1(a、b) 2(a、c) 3(b、c) 4(b、d) 5(c、d)


消毒薬及びその配合成分等に関する問題。

a 誤り。配合成分やその濃度等があらかじめ定められた範囲内である製品は、医薬部外品として流通することが認められている。
b 正しい。
c 正しい。
d 誤り。塩素系殺菌消毒成分の次亜塩素酸ナトリウムやサラシ粉は、ウイルスに対しても殺菌消毒作用がある。そして、その作用は「強い酸化力」(還元力ときたら×)によるものである点も重要です。

正解・・・3


問99
衛生害虫及び殺虫剤・忌避剤に関する次の記述の正誤について、正しい組合せはどれか。

a ノミは、元来、ペスト等の病原細菌を媒介する衛生害虫である。

b シラミは、散髪や洗髪、入浴による除去、衣服の熱湯処理などの物理的方法では防除できないため、医薬品による防除が必要である。
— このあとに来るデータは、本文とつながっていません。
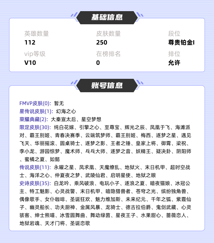 装备描述:>>>>>>毁号,涉及毁坏虚拟财产罪及计算机安全罪,请文明游戏素质游戏,让我们共建美好租号平台>>>>>> 本游戏账号: V10用户,基础段位:永恒钻石I,英雄多,皮肤多。典藏皮肤2个,感受典藏皮肤带来的优质体验快感, 私人所属英雄皮肤有:鲁班七号 星空梦想||芈月 大秦宣太后虞姬 启明星使||吕布 天魔缭乱||杨戬 永曜之星||诸葛亮 武陵仙君||李白 凤求凰||貂蝉 仲夏夜之梦||武则天 海洋之心||孙悟空 地狱火||狄仁杰 超时空战士||宫本武藏 地狱之眼||孙尚香 末日机甲,等等 注意事项: A.游戏过程中请不要恶意挂机或者不文明发言;B.恶意挂机、顶号等行为将被拉黑无法再次下单;C.进入游戏后中途请勿退出登陆,否则无法再次上号;D.部分账号由于异地登录可能会出现密码错误提示,通常再尝试5-6次后可上号。 |||||||||>喜欢本账号请点 ☆收藏☆ 方便下次租用,谢谢光临惠顾|||||||||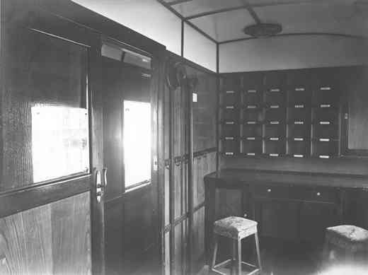 Interior del departamento de Correos del coche TCE-4 de los Ferrocarriles Vascongados. Archivo Euskotren/Museo Vasco del Ferrocarril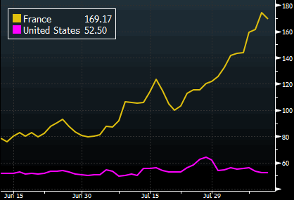 Страховка от дефолта Франции выросла в 2 раза за 6 недель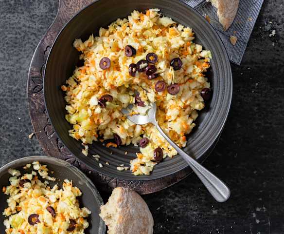 Spitzkohl-Slaw mit Datteln und Cashewkernen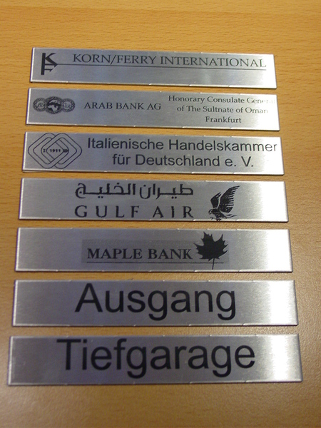 Durch die Bearbeitung mit dem Co² Laser besteht die Möglichkeit die Gravuren individuell nach IIhren Angaben auszuführen. Die Schriftarten sind ebenso frei wählbar wie die Materialfarbe. Nicht gespeicherte Schriften können durch übermittelte Schriftenordner umgesetzt werden.

c 蒸散剤は、容器中の医薬品を煙状又は霧状にして一度に全量放出させるものである。

d ディートを含有する忌避剤(医薬品及び医薬部外品)は、生後6ヶ月未満の乳児について、顔面への使用を避け、1日の使用限度(1日1回)を守って使用する必要がある。

  a b c d
1 正 誤 誤 誤
2 誤 正 正 誤
3 正 誤 正 誤
4 誤 正 誤 正
5 正 正 誤 正


衛生害虫及び殺虫剤・忌避剤に関する問題。殺虫成分の出題ポイントも確認を。

a 正しい。
b 誤り。シラミの防除は、医薬品による方法(フェノトリン等)以外に物理的方法もあり、散髪や洗髪、入浴による除去、衣服の熱湯処理などがある。
c 誤り。これは燻蒸剤に関する記述。蒸散剤は殺虫成分を基剤に混ぜて整形し、加熱したとき又は常温で徐々に揮散するようにしたものである。
↓蒸散剤の例(バポナ殺虫プレート

d 誤り。ディートを含有する忌避剤(医薬品及び医薬部外品)は、生後6ヶ月未満の乳児への使用を避けることとされている。

正解・・・1


問100
一般用検査薬等に関する次の記述の正誤について、正しい組合せはどれか。

a 一般用検査薬は、薬局においてのみ取り扱うことが認められている。

b 尿中のヒト絨毛性性腺刺激ホルモン(hCG)の検出反応は、温度の影響を受けない。

c 尿糖検査の場合、原則として早朝尿(起床直後の尿)を検体とし、尿タンパク検査の場合、食後2~3時間を目安に採尿を行う。

d 通常、尿は弱アルカリ性であるが、食事その他の影響で弱酸性~中性に傾くと、正確な検査結果が得られなくなることがある。

  a b c d
1 正 正 正 誤
2 正 正 誤 正
3 誤 正 誤 誤
4 誤 誤 正 正
5 誤 誤 誤 誤


妊娠検査薬尿糖・尿タンパク検査薬の複合タイプ問題である。

a 誤り。一般用検査薬については薬局又は医薬品の販売業(店舗販売業、配置販売業)において取り扱うことが認められている。
実際には、尿糖・尿タンパク検査薬妊娠検査薬は第二類医薬品扱いであり、薬局機能のない店舗販売業でも販売可能である。(配置販売業も可能だが、まずやっているところはない)
b 誤り。妊娠検査薬は高温になる場所に放置されたり、冷蔵庫内に保管されていたりすると、設計どおりの検出感度を発揮できなくなるおそれがある。
c 誤り。尿糖検査の場合、食後1~2時間等、検査薬の使用方法に従って採尿を行う。尿タンパクの場合、原則として早朝尿(起床直後の尿)を検体とする。(尿糖・尿タンパク同時検査の場合、早朝尿(起床直後の尿)を検体とする)
尿糖・尿タンパク検査薬

d 誤り。通常、尿は弱酸性であるが、食事その他の影響で中性~弱アルカリ性に傾くと、正確な検査結果が得られなくなることがある。